I don’t have any rape in my personal history, and no sexual abuse in my immediate family. But what I do have is a mother whose views on sexuality and relationships is very different from my own — and it took a while to sort that out. She warned me when I went off to college never to be alone in a dorm room with a guy at school, for fear of date rape. She herself waited until she got married to have sex — and put forth the idea that when a young woman gives up her virginity thinking that the guy is going to marry her, and then he doesn’t, the heartbreak is devastating.
And of course, as in many families, there is much else around sex and relationships that slides under the radar into children’s psyches and senses of self. Ideas get assimilated as our own, until some sort of healing crisis puts it into sharp relief so it can be seen for what it is.
For me, as Eric’s comments suggested, this sticky, shadowy morass, passed along through my family and with roots going back however long, expressed itself in a decade of sexual dysfunction after my first serious college relationship broke up. That is its own long story; suffice to say, a normal (but unrecognized) infection led to painful sex, which contributed to a breakup. The next thing I knew, my body internalized it all — and I had no idea what was wrong for a very long time.

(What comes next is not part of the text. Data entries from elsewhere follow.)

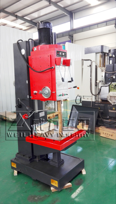 【產(chǎn)品描述】:立式鉆床 主軸豎直布置且中心位置固定的鉆床,簡稱立鉆。常用于 機械制造和修配工廠加工中、小型工件的孔。 立式鉆床加工前,須先調(diào)整工件在工作臺上的位置,使被加工孔中心線對準(zhǔn)刀具軸線。加工時,工件固定不動,主軸在套筒中旋轉(zhuǎn)并與套筒一起作軸向進給。工作臺和主軸箱可沿立柱導(dǎo)軌調(diào)整位置,以適應(yīng)不同高度的工件。 立式鉆床作為鉆床的一種,也是比較常見的
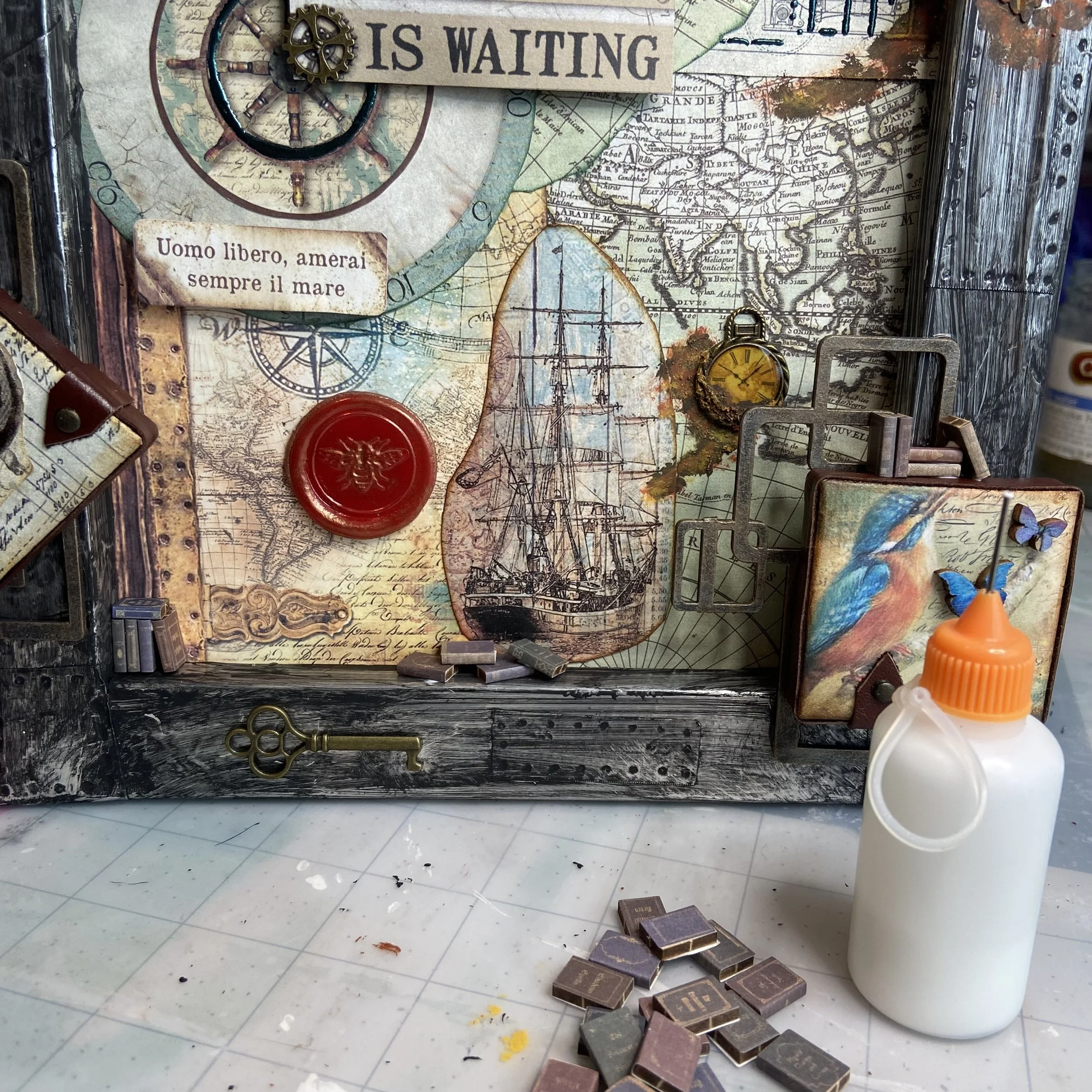 As I was looking at the mostly-finished project, I decided it needed a final embellishment. I pulled out my stash of mini-books left over from my various book nook projects and glued them on in several places. I foolishly used my bookmaker’s glue, even in the places where the books were glued directly to the foil. They seem secure enough, but I really should have used my heavy body gel. Time will tell…
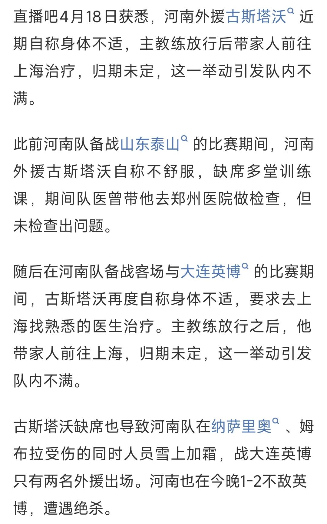 人在曹营心在汉?河南队新援古斯塔沃,究竟是态度问题,还是身体确实有伤。球迷:回海港吧,最差引援。
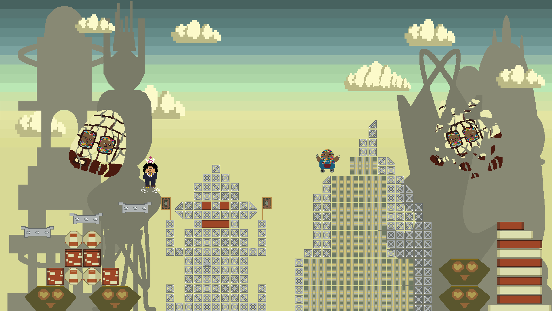 Procedurally removes physical collision and visual tiles from the level map to create empty gaps that Benoit and Gonji may fall into.

Now, every once in a while, my subconscious unlocks or illustrates a piece of the bigger gestalt, including the astrology. This one has it all: the group thing and group think, with my mother and brother refusing to help (Aquarius). The issues of rape, sexual violence and ‘passing the buck’ are present (Nessus). As Eric put it, “For Mom, the rape issue comes home — but SHE IS NOT GOING TO DEAL WITH IT.” I have to take action to fight for my own life (Mars) in the midst of it all.
Oh — and that part with the chef in the kitchen? Well, just as I was waking up from the dream, the transiting Gemini Moon had just conjoined the asteroid Ceres, represented by the goddess of agriculture and nourishment, which is presently conjunct my South lunar node — the one that’s about past life karma. And my current partner, angry at himself for not being able to take action and protect me, has his natal Mars right there.
As serious and meaningful as this dream was, at a certain point, I just have to laugh at the comic genius of the universe — and my own subconscious healing abilities. Then I try to figure out how to work with it all consciously.